• _Data records_:
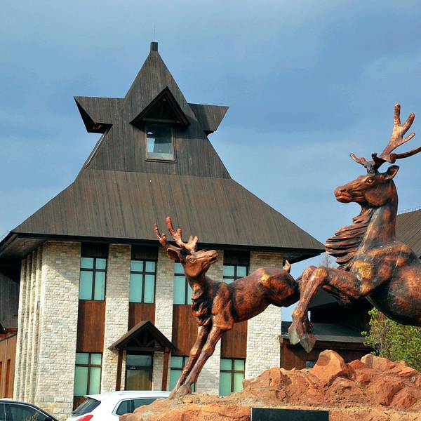 这里场地空旷,一座座折页屋顶的木头房子很有特色,一组向前奔跑的驯鹿群雕下镌刻着:“中国驯鹿之乡”,在蓝天白云的衬托下动感十足。这个季节几乎没什么游客,我们也没有进博物馆去看,好奇地在仅有几家仍在营业的商铺里转着看着。我对鹿角、树皮等用当地特产做成的工艺品很感兴趣;天晨却被商铺外几条懒散地眯着眼睛打着盹的狗狗吸引了眼球;媳妇对动物皮毛作成的服饰情有独钟,把看中的一顶外翻狐狸毛的帽子戴在了天晨头上,哇塞!那种林海雪原的感觉顿时出现在眼前;小薛也是看看这里,摸摸那里,还不时地问问价格;由于物品超出了我们的心理价位,最终只买了两瓶蓝莓汁饮料就此作别。 展开
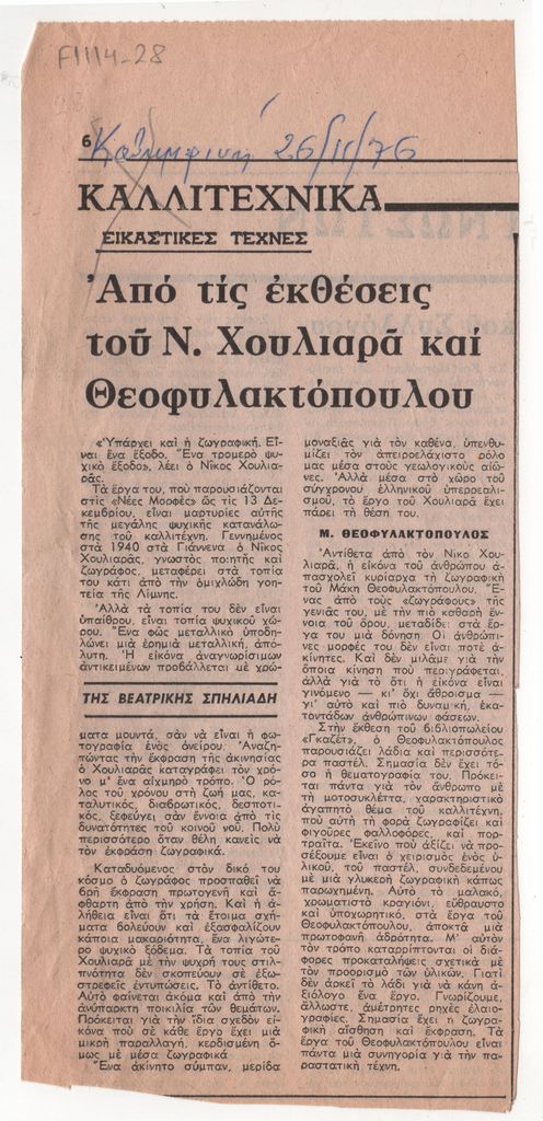 Απόκομμα, έντυπο, χαρτί, 24,8×11,2 εκ., όπου δημοσιεύεται, στα ελληνικά, κριτική της Βεατρίκης Σπηλιάδη για τις ατομικές εκθέσεις του Νίκου Χουλιαρά και του Μάκη Θεοφυλακτόπουλου στην Αθήνα το 1976. Επάνω επιγραφή.
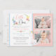 Convite Baby Giraffe First Birthday Floral Photo Collage
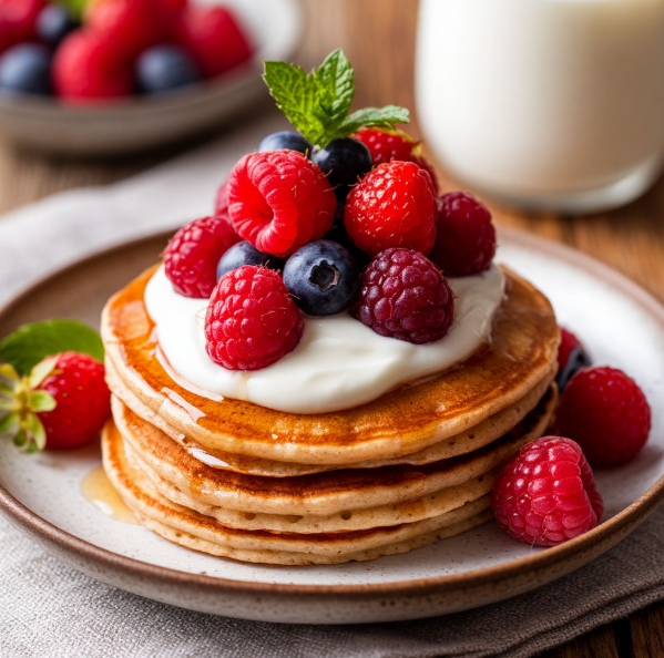 Подавайте панкейки теплыми, выложив стопкой. Полейте натуральным йогуртом, каплей меда или ягодным соусом. Украсьте свежими ягодами и листиком мяты. Идеально дополнят завтрак чашка свежесваренного кофе или чая.
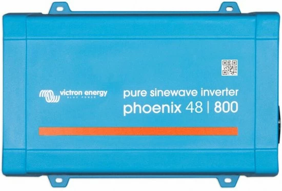 De Victron Phoenix 48/800 omvormer die 48V accu’s omzet naar een 230V aansluiting. De Victron Phoenix levert een continu vermogen van 800VA.
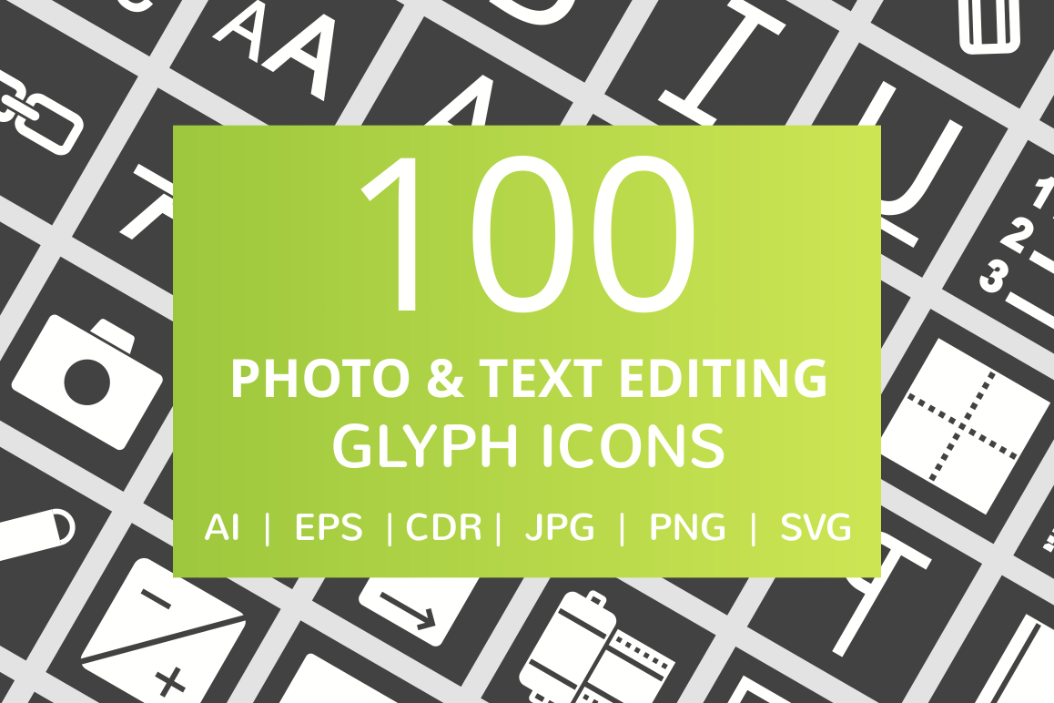 This set includes Photo and Text Editing Glyph inverted icons. With 100 icons, Iconbunny provides the most essential icons which can be used on all types of platforms including mobile apps, web and graphic design. Each icon is available in different file formats to cover all your needs.
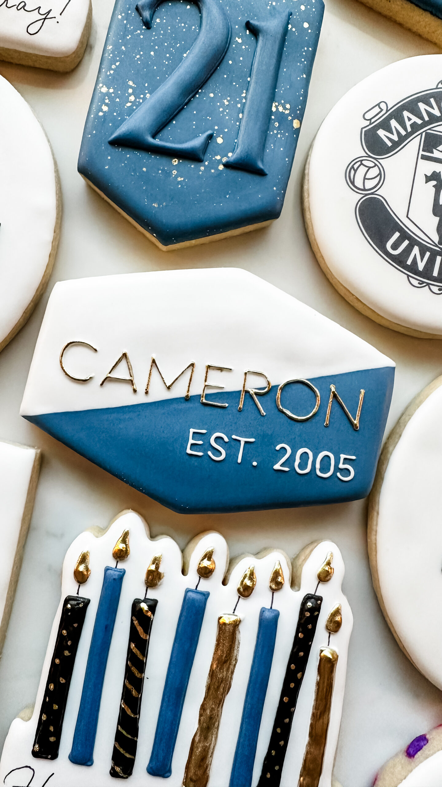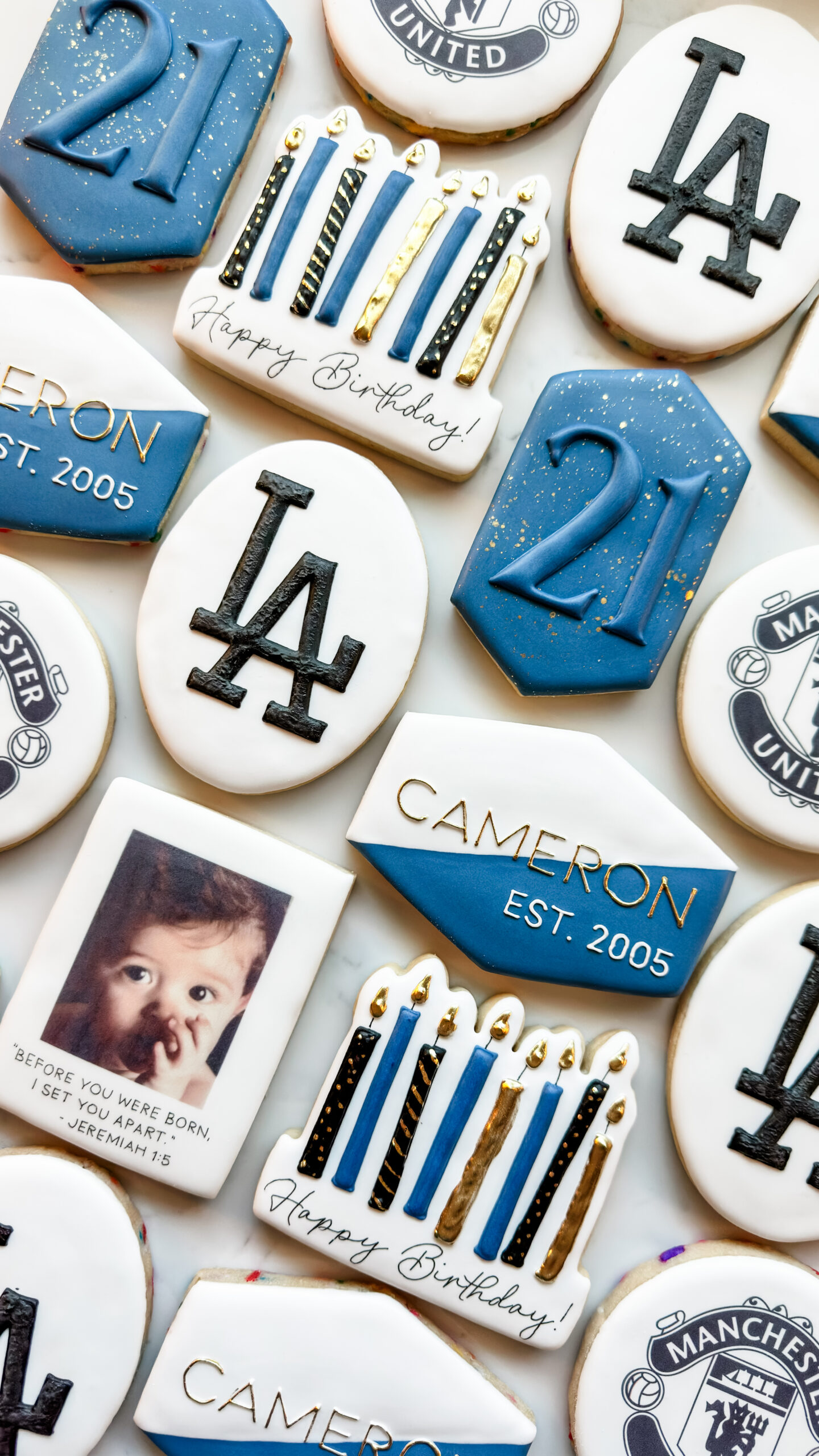 Keywords: Classy, Elegant, Masculine, Men, Manly, Guys, Boys, 21st, Twenty One, Photo, Printed, Polaroid, Baby Picture, Candles, Dodgers, Manchester United, Soccer, Baseball, Favorite Things

• _Work instructions_:
Output exactly the lines from the first line of the records through the line containing "Convite Baby Giraffe". Leave out every picture.

• _Solution to the exercise_:
 这里场地空旷,一座座折页屋顶的木头房子很有特色,一组向前奔跑的驯鹿群雕下镌刻着:“中国驯鹿之乡”,在蓝天白云的衬托下动感十足。这个季节几乎没什么游客,我们也没有进博物馆去看,好奇地在仅有几家仍在营业的商铺里转着看着。我对鹿角、树皮等用当地特产做成的工艺品很感兴趣;天晨却被商铺外几条懒散地眯着眼睛打着盹的狗狗吸引了眼球;媳妇对动物皮毛作成的服饰情有独钟,把看中的一顶外翻狐狸毛的帽子戴在了天晨头上,哇塞!那种林海雪原的感觉顿时出现在眼前;小薛也是看看这里,摸摸那里,还不时地问问价格;由于物品超出了我们的心理价位,最终只买了两瓶蓝莓汁饮料就此作别。 展开
 Απόκομμα, έντυπο, χαρτί, 24,8×11,2 εκ., όπου δημοσιεύεται, στα ελληνικά, κριτική της Βεατρίκης Σπηλιάδη για τις ατομικές εκθέσεις του Νίκου Χουλιαρά και του Μάκη Θεοφυλακτόπουλου στην Αθήνα το 1976. Επάνω επιγραφή.
 Convite Baby Giraffe First Birthday Floral Photo Collage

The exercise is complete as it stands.